(What you will do): Leaving the images out, output each entry below exactly.

(Entries supplied):

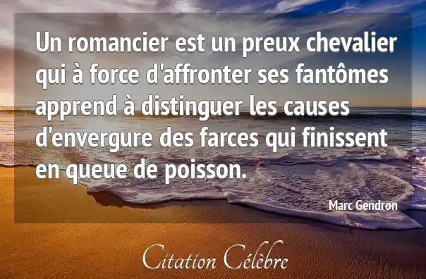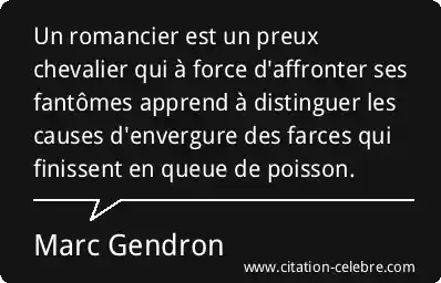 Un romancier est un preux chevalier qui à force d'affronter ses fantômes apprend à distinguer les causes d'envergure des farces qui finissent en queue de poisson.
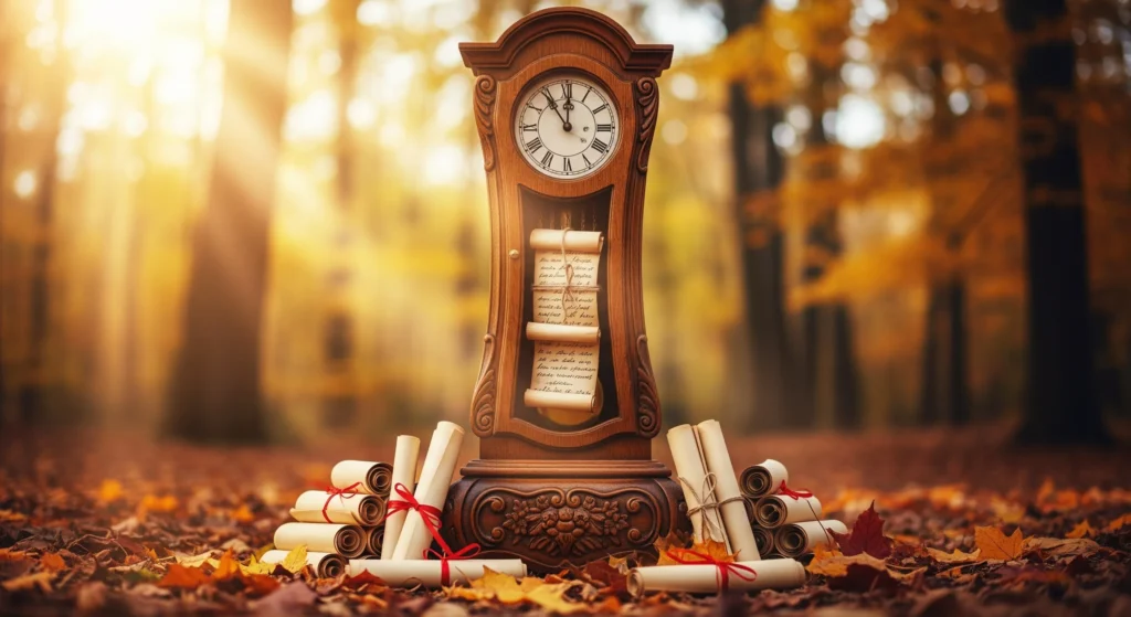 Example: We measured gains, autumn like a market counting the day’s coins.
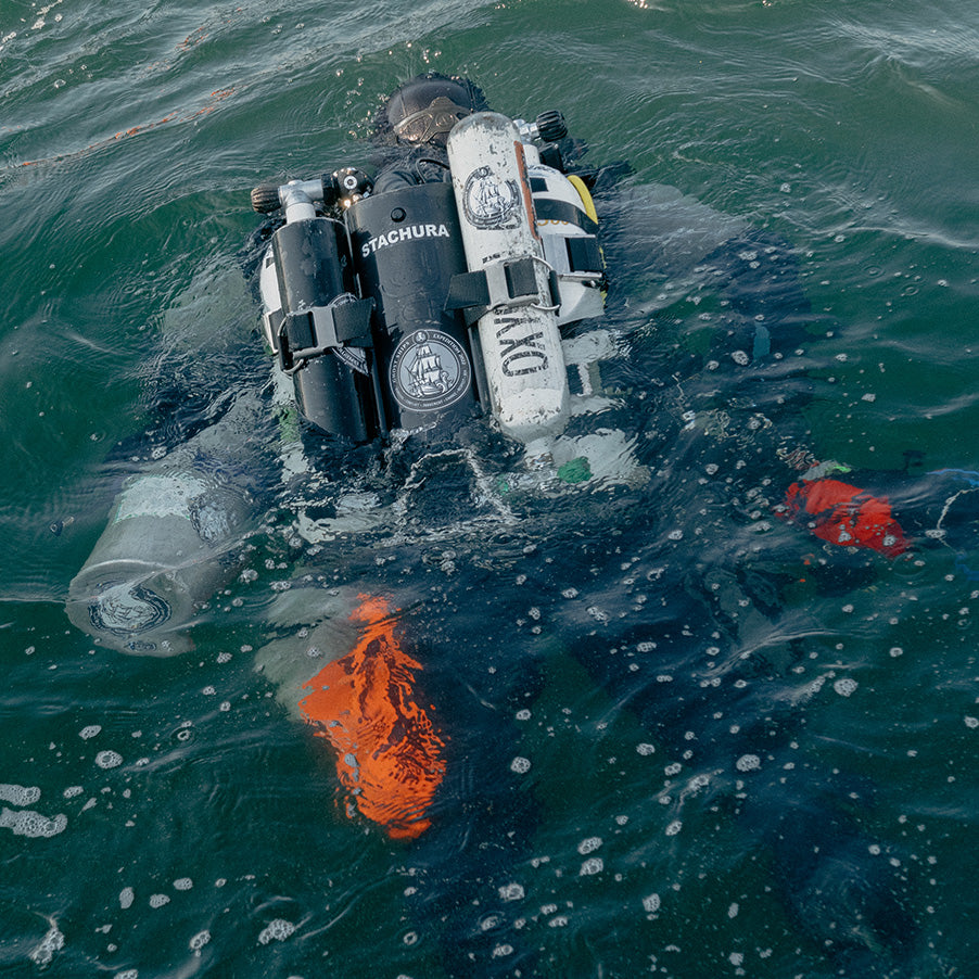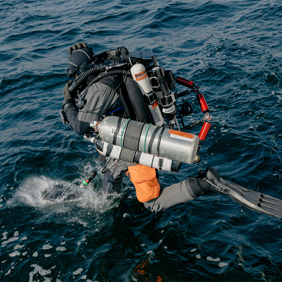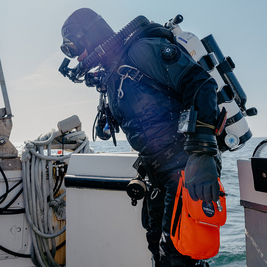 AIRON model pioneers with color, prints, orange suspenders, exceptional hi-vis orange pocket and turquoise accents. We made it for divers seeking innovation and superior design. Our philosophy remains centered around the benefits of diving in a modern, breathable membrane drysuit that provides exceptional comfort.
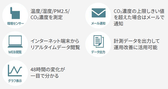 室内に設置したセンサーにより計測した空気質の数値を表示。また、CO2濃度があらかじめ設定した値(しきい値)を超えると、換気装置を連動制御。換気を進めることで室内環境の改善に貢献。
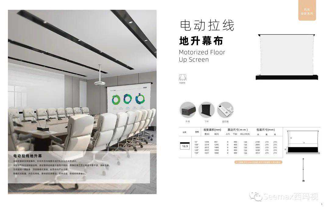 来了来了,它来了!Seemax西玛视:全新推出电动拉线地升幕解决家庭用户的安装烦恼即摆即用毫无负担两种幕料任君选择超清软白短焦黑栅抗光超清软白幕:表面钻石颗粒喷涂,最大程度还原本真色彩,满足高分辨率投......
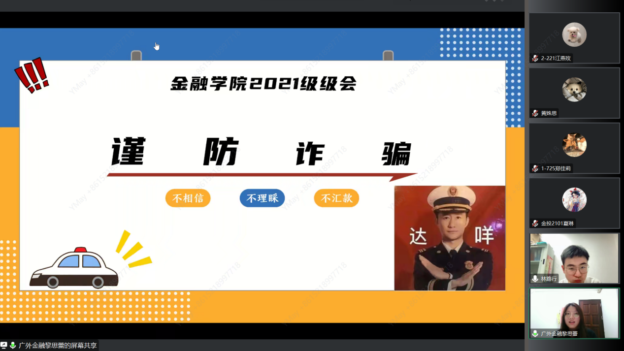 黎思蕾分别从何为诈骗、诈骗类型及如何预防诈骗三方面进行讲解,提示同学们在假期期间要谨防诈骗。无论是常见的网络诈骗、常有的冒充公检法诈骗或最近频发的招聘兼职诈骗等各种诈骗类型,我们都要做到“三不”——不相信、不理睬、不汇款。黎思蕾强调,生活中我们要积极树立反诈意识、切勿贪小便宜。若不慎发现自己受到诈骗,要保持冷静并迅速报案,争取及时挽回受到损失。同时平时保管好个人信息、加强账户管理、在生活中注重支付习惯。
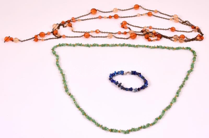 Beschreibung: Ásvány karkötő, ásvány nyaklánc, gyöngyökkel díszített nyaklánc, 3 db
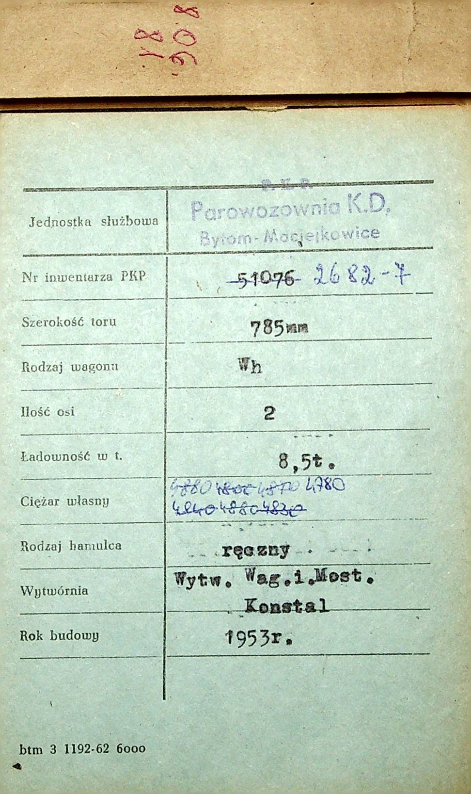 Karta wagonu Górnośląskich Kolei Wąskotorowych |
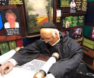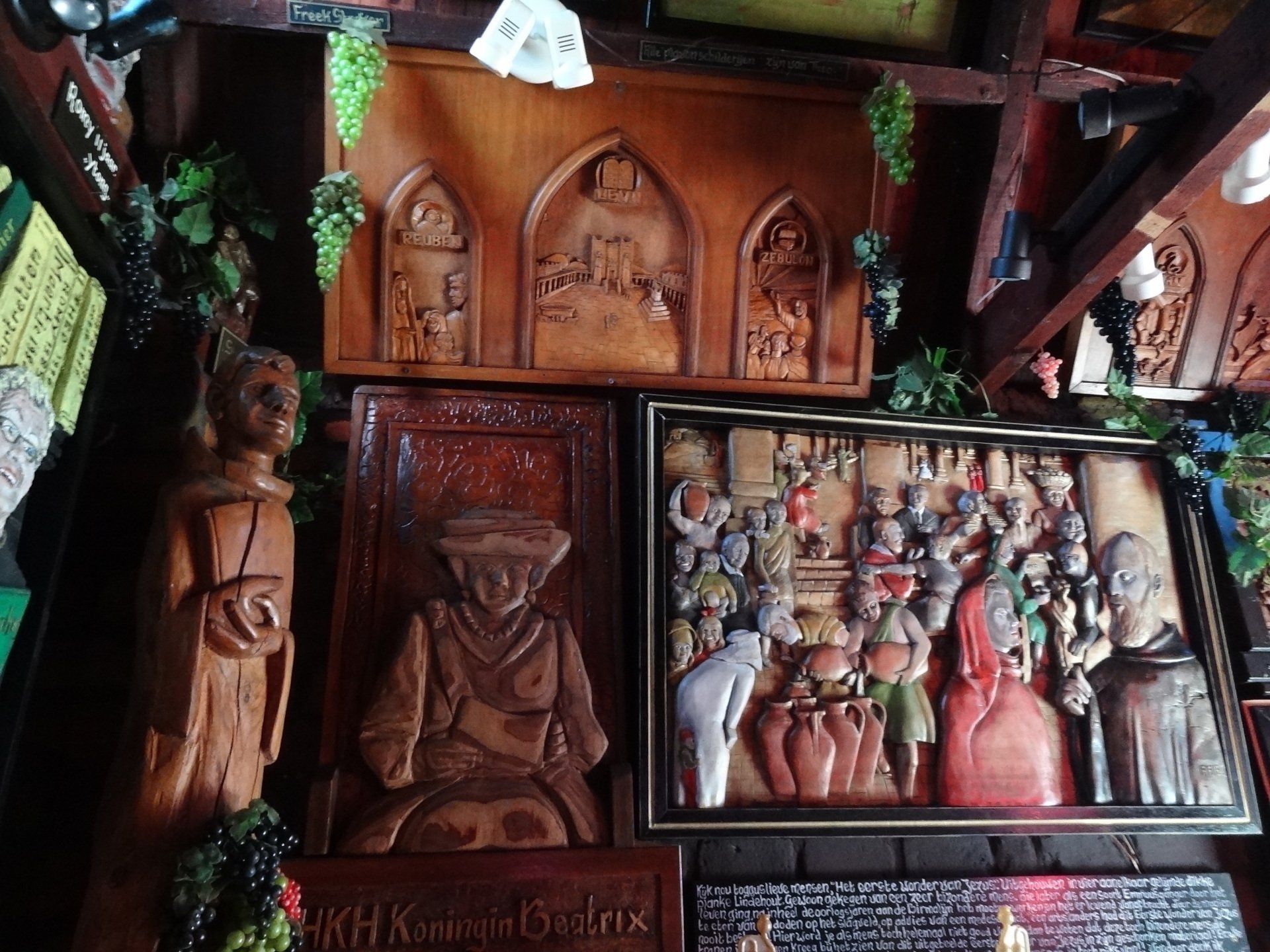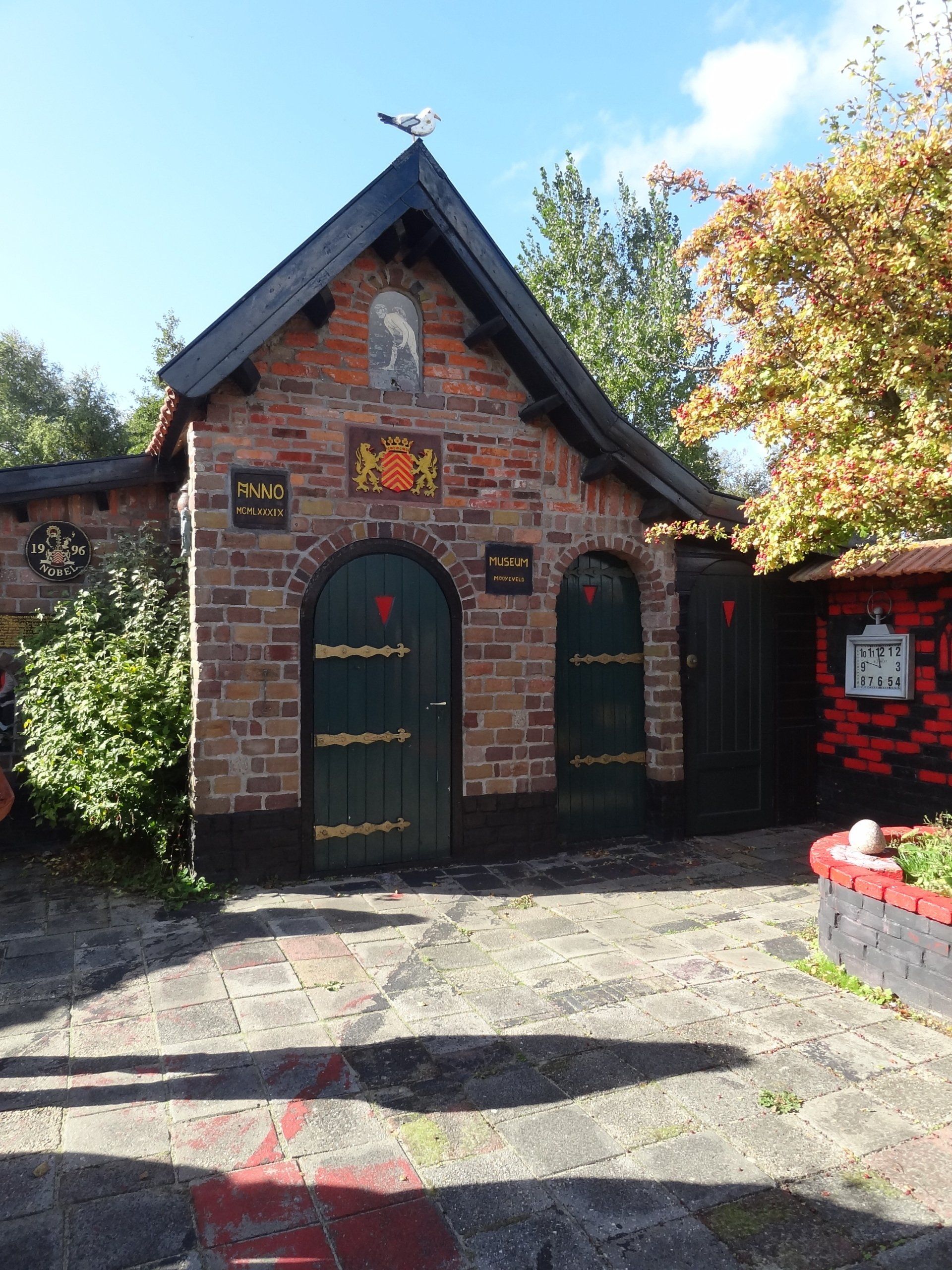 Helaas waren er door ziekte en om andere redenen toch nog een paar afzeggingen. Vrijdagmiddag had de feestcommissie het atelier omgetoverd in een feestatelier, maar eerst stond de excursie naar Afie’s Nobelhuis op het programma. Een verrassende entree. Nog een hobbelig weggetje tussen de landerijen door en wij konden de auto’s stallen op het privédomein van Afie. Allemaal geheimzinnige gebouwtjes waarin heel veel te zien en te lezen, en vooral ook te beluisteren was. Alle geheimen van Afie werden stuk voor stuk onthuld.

(Solution to this problem):
 Un romancier est un preux chevalier qui à force d'affronter ses fantômes apprend à distinguer les causes d'envergure des farces qui finissent en queue de poisson.
 Example: We measured gains, autumn like a market counting the day’s coins.
 AIRON model pioneers with color, prints, orange suspenders, exceptional hi-vis orange pocket and turquoise accents. We made it for divers seeking innovation and superior design. Our philosophy remains centered around the benefits of diving in a modern, breathable membrane drysuit that provides exceptional comfort.
 室内に設置したセンサーにより計測した空気質の数値を表示。また、CO2濃度があらかじめ設定した値(しきい値)を超えると、換気装置を連動制御。換気を進めることで室内環境の改善に貢献。
 来了来了,它来了!Seemax西玛视:全新推出电动拉线地升幕解决家庭用户的安装烦恼即摆即用毫无负担两种幕料任君选择超清软白短焦黑栅抗光超清软白幕:表面钻石颗粒喷涂,最大程度还原本真色彩,满足高分辨率投......
 黎思蕾分别从何为诈骗、诈骗类型及如何预防诈骗三方面进行讲解,提示同学们在假期期间要谨防诈骗。无论是常见的网络诈骗、常有的冒充公检法诈骗或最近频发的招聘兼职诈骗等各种诈骗类型,我们都要做到“三不”——不相信、不理睬、不汇款。黎思蕾强调,生活中我们要积极树立反诈意识、切勿贪小便宜。若不慎发现自己受到诈骗,要保持冷静并迅速报案,争取及时挽回受到损失。同时平时保管好个人信息、加强账户管理、在生活中注重支付习惯。
 Beschreibung: Ásvány karkötő, ásvány nyaklánc, gyöngyökkel díszített nyaklánc, 3 db
 Karta wagonu Górnośląskich Kolei Wąskotorowych |
 Helaas waren er door ziekte en om andere redenen toch nog een paar afzeggingen. Vrijdagmiddag had de feestcommissie het atelier omgetoverd in een feestatelier, maar eerst stond de excursie naar Afie’s Nobelhuis op het programma. Een verrassende entree. Nog een hobbelig weggetje tussen de landerijen door en wij konden de auto’s stallen op het privédomein van Afie. Allemaal geheimzinnige gebouwtjes waarin heel veel te zien en te lezen, en vooral ook te beluisteren was. Alle geheimen van Afie werden stuk voor stuk onthuld.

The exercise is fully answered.